Louisiana voters will decide this fall whether the state keeps or nixes a Jim Crow-era law that lets juries return non-unanimous verdicts in felony trials.
The issue heads to the Nov. 6 ballot, after state Senators approved a constitutional amendment Tuesday. With public approval, Louisiana would join 48 states in mandating all jurors to agree on an accused felon’s guilt before a conviction.
Current state law requires only 10 of 12 jurors to agree on a defendant’s fate during felony trials. Oregon is the only other state with such a provision, though Louisiana is the only state that allows non-unanimous verdicts in murder cases.
“It’s time Louisiana got it, and it’s time we got on board,” Rep. Sherman Mack (R-Albany) said just before the House advanced the legislation Monday.
The Louisiana law dates back to 1898, as black residents were beginning to serve on juries. An official journal from that year’s constitutional convention outlines a mission “to establish the supremacy of the white race, to the extent to which it could be legally and constitutionally done.”
“This is literally like the shark or alligator that has remained unchanged since the days when people were being lynched in the streets and locked up for whistling at women of a different race,” said Sen. J.P. Morrell (D-New Orleans), whose bill has spearheaded efforts to repeal the law.

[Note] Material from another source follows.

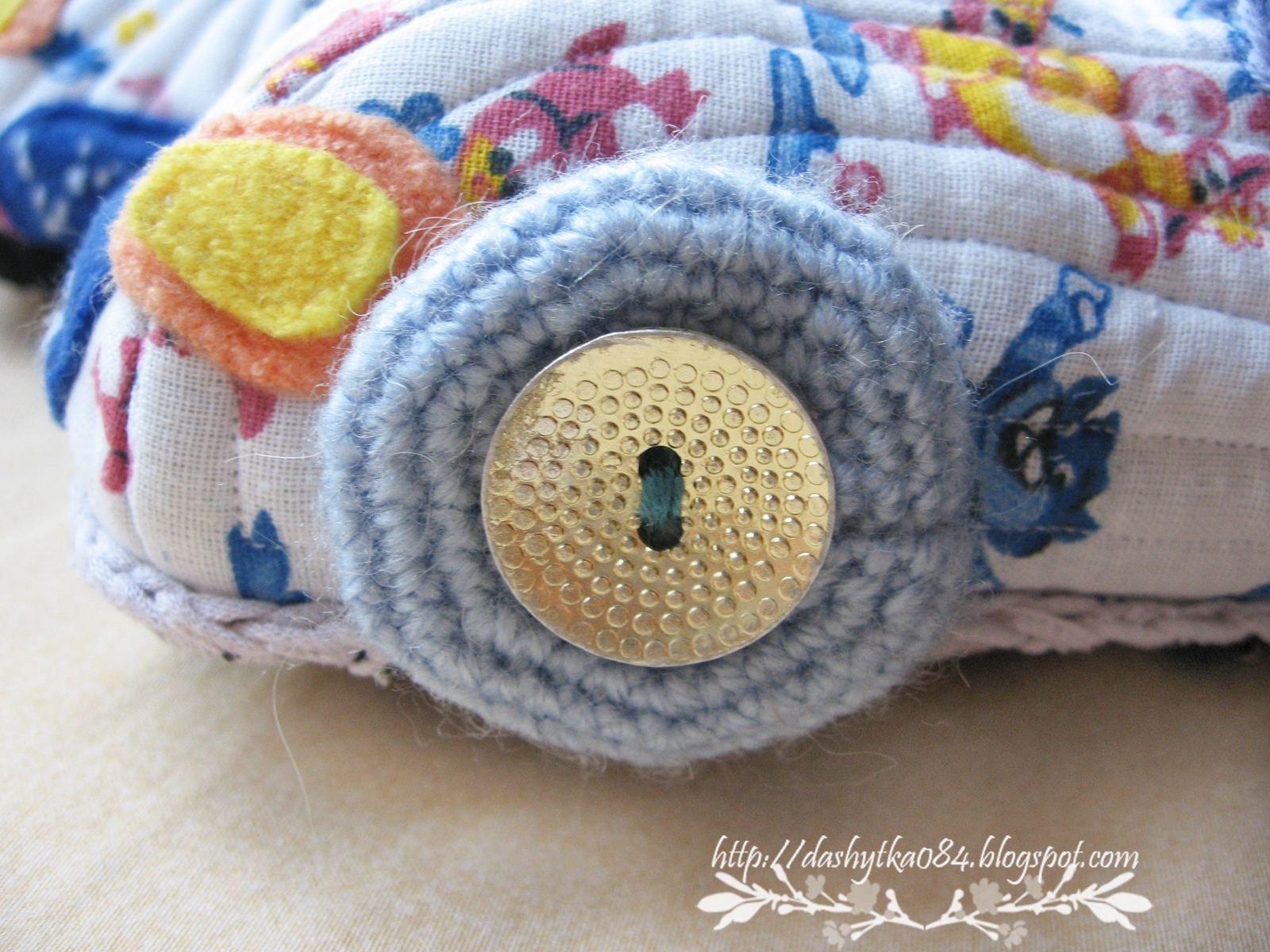 Связала колёса. ЛегкотнЯ! Вяжутся по принципу амигуруми. Первый ряд - 6 столбиков, второй - 12, третий - 18... В каждом ряду по 6 столбиков прибавляем. После шестого ряда (36 столбиков) провязываем ряд без убавлений и прибавок. Сильно широкие колёса делать не стала, чтобы не мешали ходить. Мой ребёнок и так на ровном месте спотыкается (весь в мать!). Так вот, провязали, значит, один ряд без изменений, а дальше пошли убавлять. В том же порядке. Первый ряд - 30 столбиков, второй - 24, третий - 18... Перед предпоследним рядом набиваем очень слабенько синтепоном (ну или чем вы там обычно набиваете). Восьми одинаковых пуговиц у меня не оказалось, поэтому пришлось решить, что так даже интереснее ))) Пришиваем колёсики. Правда, потом мне задние колёса немного мешали, об этом ниже

The constitutional amendment, once thought a long shot, has met rare unity between liberals and conservatives. The American Civil Liberties Union and the Southern Poverty Law Center has led the support among left-leaning organizations, while the Louisiana Family Forum and Americans for Prosperity have voiced endorsements on the right.
“Very seldom do we have something of this magnitude, this historic, that enjoys such wide bipartisan support,” Morrell said Tuesday.

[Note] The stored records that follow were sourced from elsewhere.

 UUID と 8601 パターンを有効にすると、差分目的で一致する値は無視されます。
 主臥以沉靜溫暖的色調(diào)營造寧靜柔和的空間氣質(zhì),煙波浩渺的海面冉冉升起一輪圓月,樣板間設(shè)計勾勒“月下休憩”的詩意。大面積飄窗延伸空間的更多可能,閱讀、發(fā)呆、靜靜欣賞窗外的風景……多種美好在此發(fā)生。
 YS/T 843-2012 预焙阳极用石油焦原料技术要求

Opposition had come from the Louisiana District Attorneys Association, with prosecutors saying that requiring unanimous verdicts would hurt their chances of getting convictions. The group has since adopted a more neutral stance on Morrell’s bill.
“I think God changed some minds out there today,” said Ed Tarpley, a former Grant Parish district attorney who supports overturning the century-old law. “This needs to be changed.”
If it passes and wins support from voters, the legislation would not be retroactive. It would apply to crimes committed on or after Jan. 1, 2019.